**What needs to be done**
Omitting all images, set down every line below exactly as it appears.

**Input data**

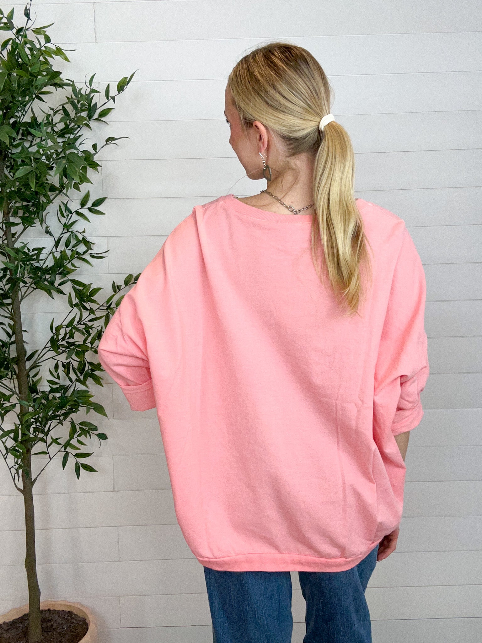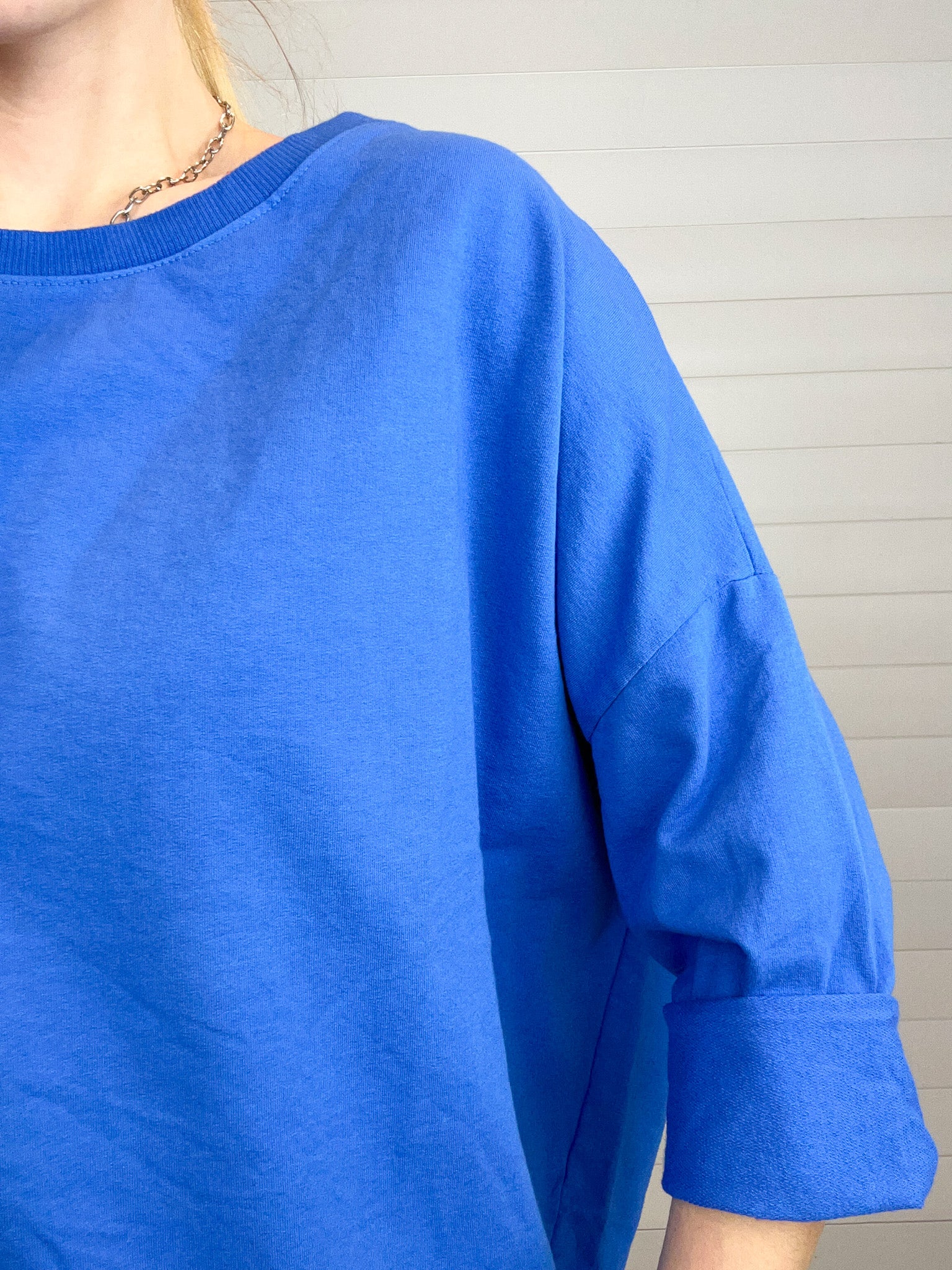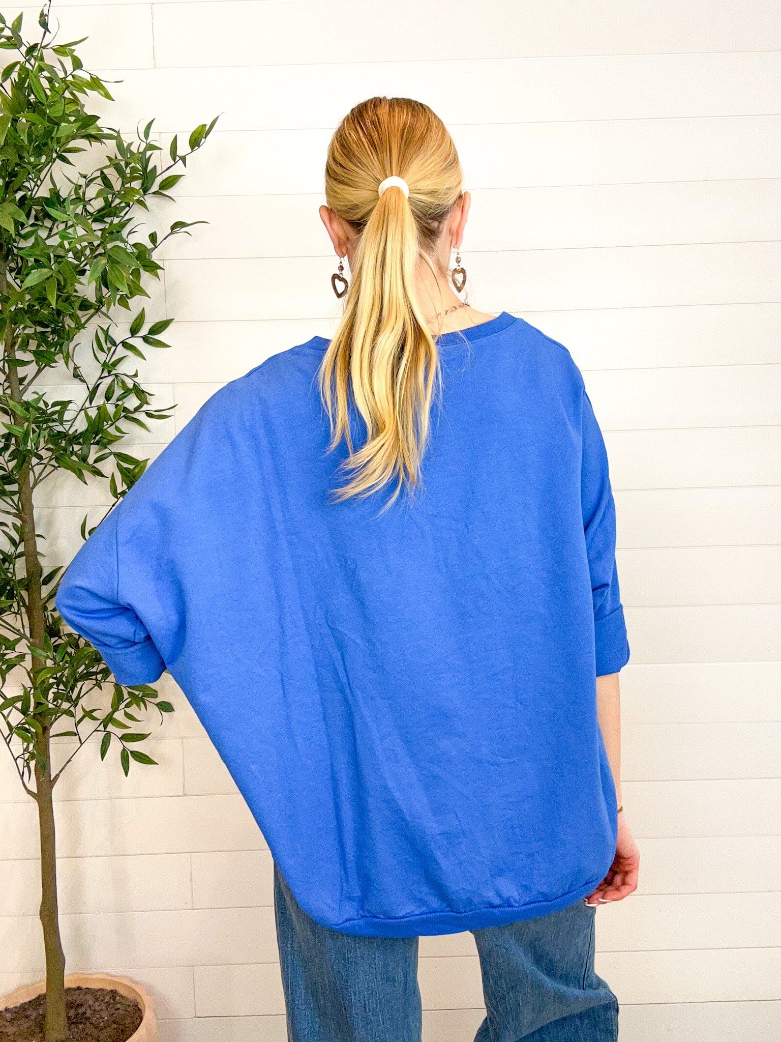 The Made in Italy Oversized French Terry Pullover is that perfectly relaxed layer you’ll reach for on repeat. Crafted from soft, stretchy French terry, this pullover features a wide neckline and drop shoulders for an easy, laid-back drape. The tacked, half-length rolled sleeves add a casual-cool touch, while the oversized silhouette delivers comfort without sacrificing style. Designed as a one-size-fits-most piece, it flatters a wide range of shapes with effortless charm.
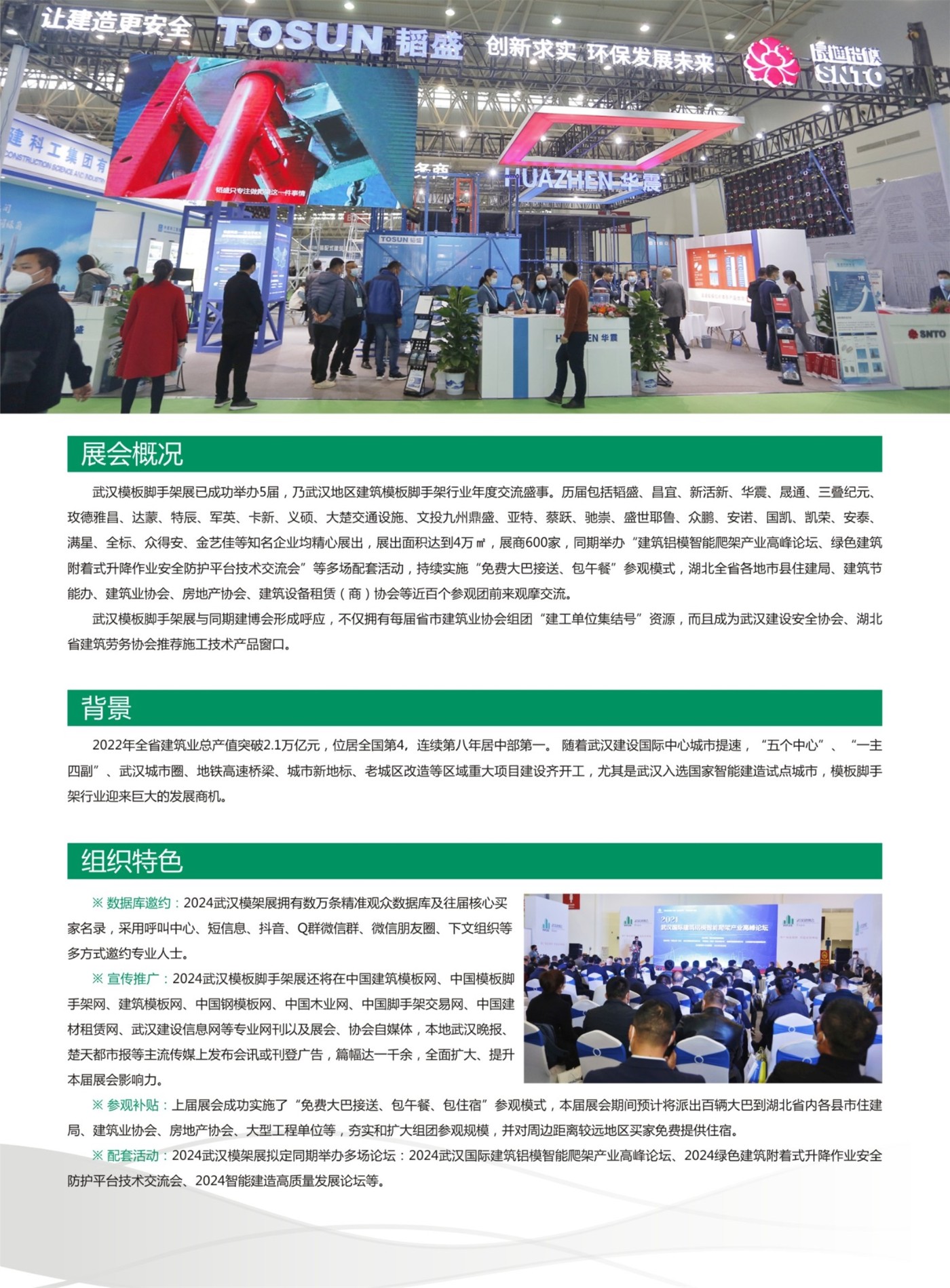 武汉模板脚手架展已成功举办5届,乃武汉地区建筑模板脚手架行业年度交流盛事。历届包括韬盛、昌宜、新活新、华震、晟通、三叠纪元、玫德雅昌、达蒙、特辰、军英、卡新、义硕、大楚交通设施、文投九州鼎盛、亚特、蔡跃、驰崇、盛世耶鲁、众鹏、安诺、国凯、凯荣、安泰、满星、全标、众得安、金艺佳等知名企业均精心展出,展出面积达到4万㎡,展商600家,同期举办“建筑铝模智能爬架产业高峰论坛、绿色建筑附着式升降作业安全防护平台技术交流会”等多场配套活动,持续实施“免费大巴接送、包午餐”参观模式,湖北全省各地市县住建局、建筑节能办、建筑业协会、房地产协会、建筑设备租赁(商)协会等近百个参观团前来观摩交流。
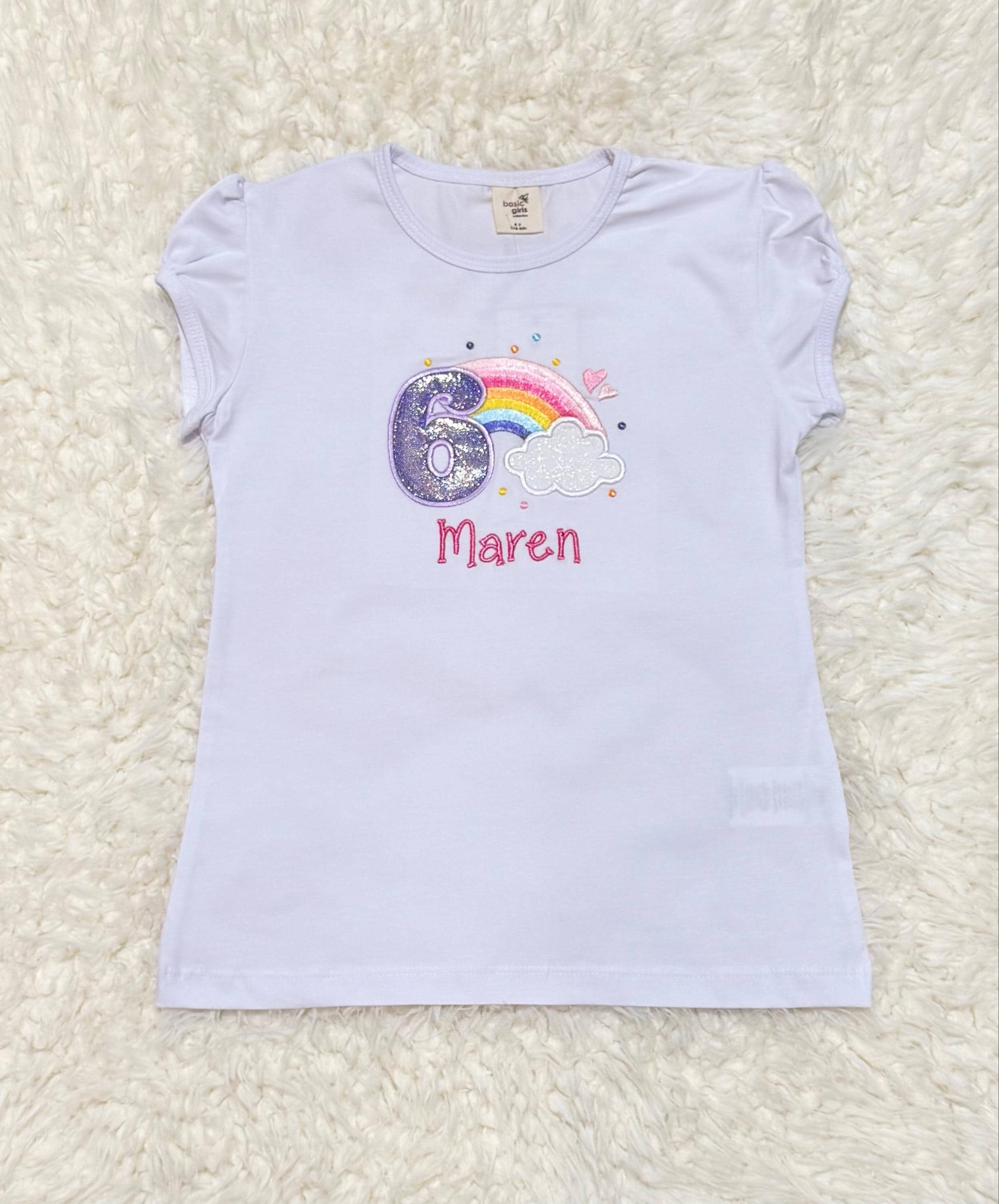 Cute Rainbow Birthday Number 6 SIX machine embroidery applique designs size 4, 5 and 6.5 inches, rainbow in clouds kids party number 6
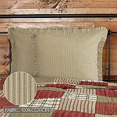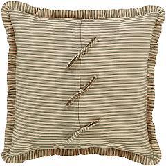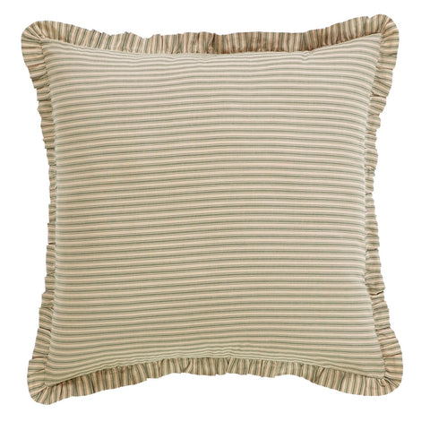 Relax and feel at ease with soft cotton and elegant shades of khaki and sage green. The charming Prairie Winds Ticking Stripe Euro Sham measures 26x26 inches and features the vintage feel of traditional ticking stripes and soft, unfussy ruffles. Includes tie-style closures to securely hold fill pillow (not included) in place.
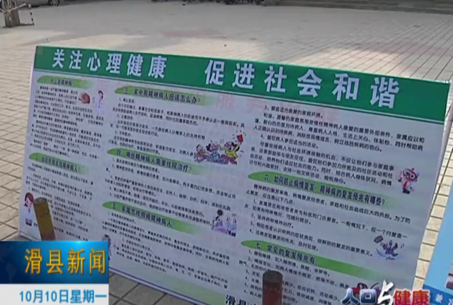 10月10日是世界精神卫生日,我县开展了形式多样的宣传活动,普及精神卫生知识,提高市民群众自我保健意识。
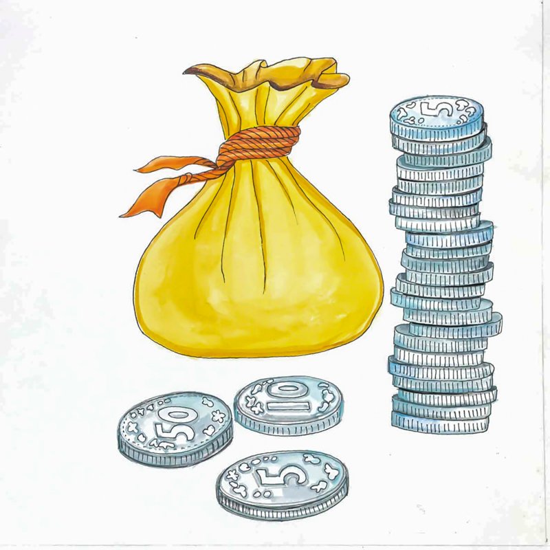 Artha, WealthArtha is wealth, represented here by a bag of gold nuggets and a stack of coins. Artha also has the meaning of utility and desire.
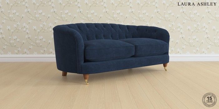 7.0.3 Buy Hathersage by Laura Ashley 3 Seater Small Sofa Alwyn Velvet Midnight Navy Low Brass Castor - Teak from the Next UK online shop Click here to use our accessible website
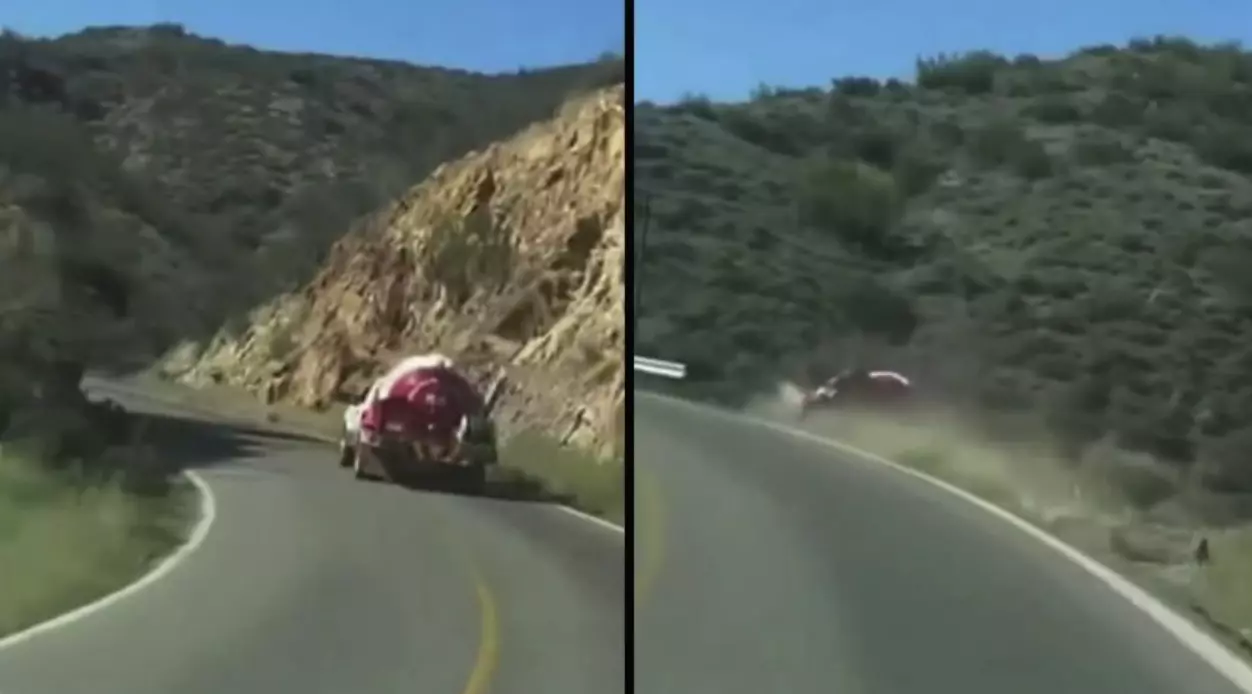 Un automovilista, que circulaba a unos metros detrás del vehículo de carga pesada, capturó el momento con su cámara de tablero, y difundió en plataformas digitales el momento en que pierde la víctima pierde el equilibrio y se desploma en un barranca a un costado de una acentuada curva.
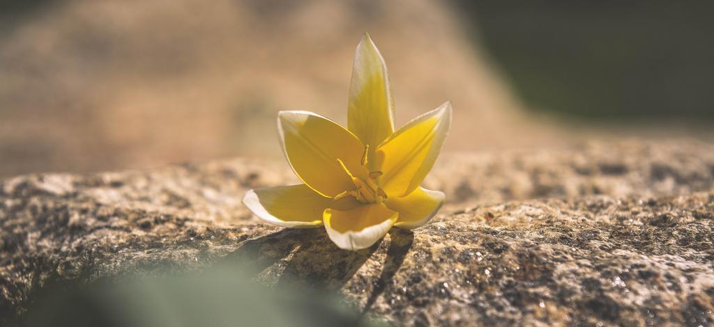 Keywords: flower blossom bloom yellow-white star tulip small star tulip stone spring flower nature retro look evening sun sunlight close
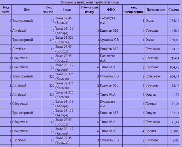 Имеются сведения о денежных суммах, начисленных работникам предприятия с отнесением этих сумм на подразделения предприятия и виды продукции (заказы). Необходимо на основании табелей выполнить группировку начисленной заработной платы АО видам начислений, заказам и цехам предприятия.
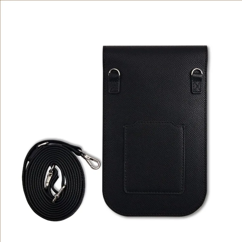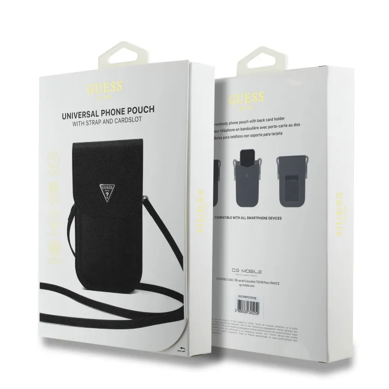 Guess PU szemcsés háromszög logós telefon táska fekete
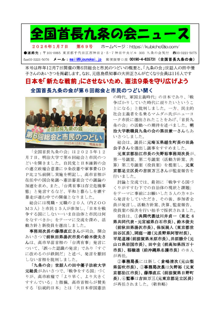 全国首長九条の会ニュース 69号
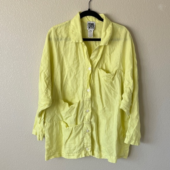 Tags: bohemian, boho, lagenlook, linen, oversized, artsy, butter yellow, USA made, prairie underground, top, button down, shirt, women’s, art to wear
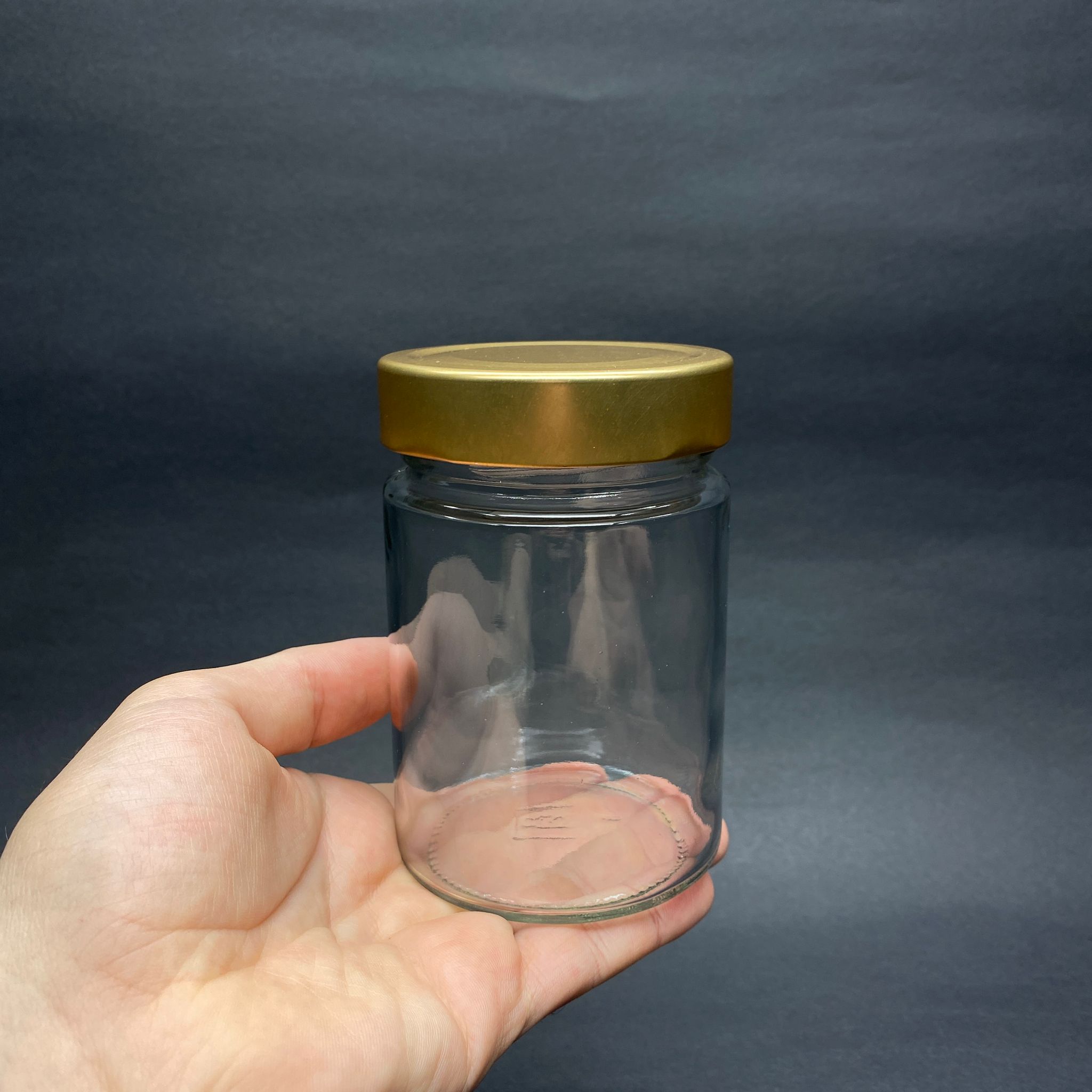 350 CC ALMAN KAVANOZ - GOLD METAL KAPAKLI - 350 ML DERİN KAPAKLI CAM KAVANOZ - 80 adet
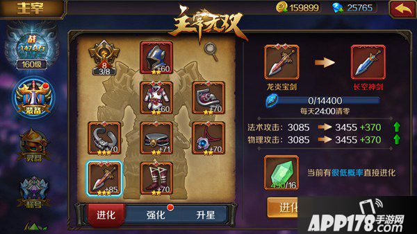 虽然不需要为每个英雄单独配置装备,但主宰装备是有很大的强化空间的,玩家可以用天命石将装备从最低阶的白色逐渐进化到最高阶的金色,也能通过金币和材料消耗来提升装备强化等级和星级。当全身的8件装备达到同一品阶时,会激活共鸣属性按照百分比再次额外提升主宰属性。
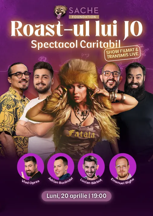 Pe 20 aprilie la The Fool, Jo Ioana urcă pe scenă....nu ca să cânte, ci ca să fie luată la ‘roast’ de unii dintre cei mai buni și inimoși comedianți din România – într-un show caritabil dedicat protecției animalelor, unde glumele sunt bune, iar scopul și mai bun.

**Reply**
 The Made in Italy Oversized French Terry Pullover is that perfectly relaxed layer you’ll reach for on repeat. Crafted from soft, stretchy French terry, this pullover features a wide neckline and drop shoulders for an easy, laid-back drape. The tacked, half-length rolled sleeves add a casual-cool touch, while the oversized silhouette delivers comfort without sacrificing style. Designed as a one-size-fits-most piece, it flatters a wide range of shapes with effortless charm.
 武汉模板脚手架展已成功举办5届,乃武汉地区建筑模板脚手架行业年度交流盛事。历届包括韬盛、昌宜、新活新、华震、晟通、三叠纪元、玫德雅昌、达蒙、特辰、军英、卡新、义硕、大楚交通设施、文投九州鼎盛、亚特、蔡跃、驰崇、盛世耶鲁、众鹏、安诺、国凯、凯荣、安泰、满星、全标、众得安、金艺佳等知名企业均精心展出,展出面积达到4万㎡,展商600家,同期举办“建筑铝模智能爬架产业高峰论坛、绿色建筑附着式升降作业安全防护平台技术交流会”等多场配套活动,持续实施“免费大巴接送、包午餐”参观模式,湖北全省各地市县住建局、建筑节能办、建筑业协会、房地产协会、建筑设备租赁(商)协会等近百个参观团前来观摩交流。
 Cute Rainbow Birthday Number 6 SIX machine embroidery applique designs size 4, 5 and 6.5 inches, rainbow in clouds kids party number 6
 Relax and feel at ease with soft cotton and elegant shades of khaki and sage green. The charming Prairie Winds Ticking Stripe Euro Sham measures 26x26 inches and features the vintage feel of traditional ticking stripes and soft, unfussy ruffles. Includes tie-style closures to securely hold fill pillow (not included) in place.
 10月10日是世界精神卫生日,我县开展了形式多样的宣传活动,普及精神卫生知识,提高市民群众自我保健意识。
 Artha, WealthArtha is wealth, represented here by a bag of gold nuggets and a stack of coins. Artha also has the meaning of utility and desire.
 7.0.3 Buy Hathersage by Laura Ashley 3 Seater Small Sofa Alwyn Velvet Midnight Navy Low Brass Castor - Teak from the Next UK online shop Click here to use our accessible website
 Un automovilista, que circulaba a unos metros detrás del vehículo de carga pesada, capturó el momento con su cámara de tablero, y difundió en plataformas digitales el momento en que pierde la víctima pierde el equilibrio y se desploma en un barranca a un costado de una acentuada curva.
 Keywords: flower blossom bloom yellow-white star tulip small star tulip stone spring flower nature retro look evening sun sunlight close
 Имеются сведения о денежных суммах, начисленных работникам предприятия с отнесением этих сумм на подразделения предприятия и виды продукции (заказы). Необходимо на основании табелей выполнить группировку начисленной заработной платы АО видам начислений, заказам и цехам предприятия.
 Guess PU szemcsés háromszög logós telefon táska fekete
 全国首長九条の会ニュース 69号
 Tags: bohemian, boho, lagenlook, linen, oversized, artsy, butter yellow, USA made, prairie underground, top, button down, shirt, women’s, art to wear
 350 CC ALMAN KAVANOZ - GOLD METAL KAPAKLI - 350 ML DERİN KAPAKLI CAM KAVANOZ - 80 adet
 虽然不需要为每个英雄单独配置装备,但主宰装备是有很大的强化空间的,玩家可以用天命石将装备从最低阶的白色逐渐进化到最高阶的金色,也能通过金币和材料消耗来提升装备强化等级和星级。当全身的8件装备达到同一品阶时,会激活共鸣属性按照百分比再次额外提升主宰属性。
 Pe 20 aprilie la The Fool, Jo Ioana urcă pe scenă....nu ca să cânte, ci ca să fie luată la ‘roast’ de unii dintre cei mai buni și inimoși comedianți din România – într-un show caritabil dedicat protecției animalelor, unde glumele sunt bune, iar scopul și mai bun.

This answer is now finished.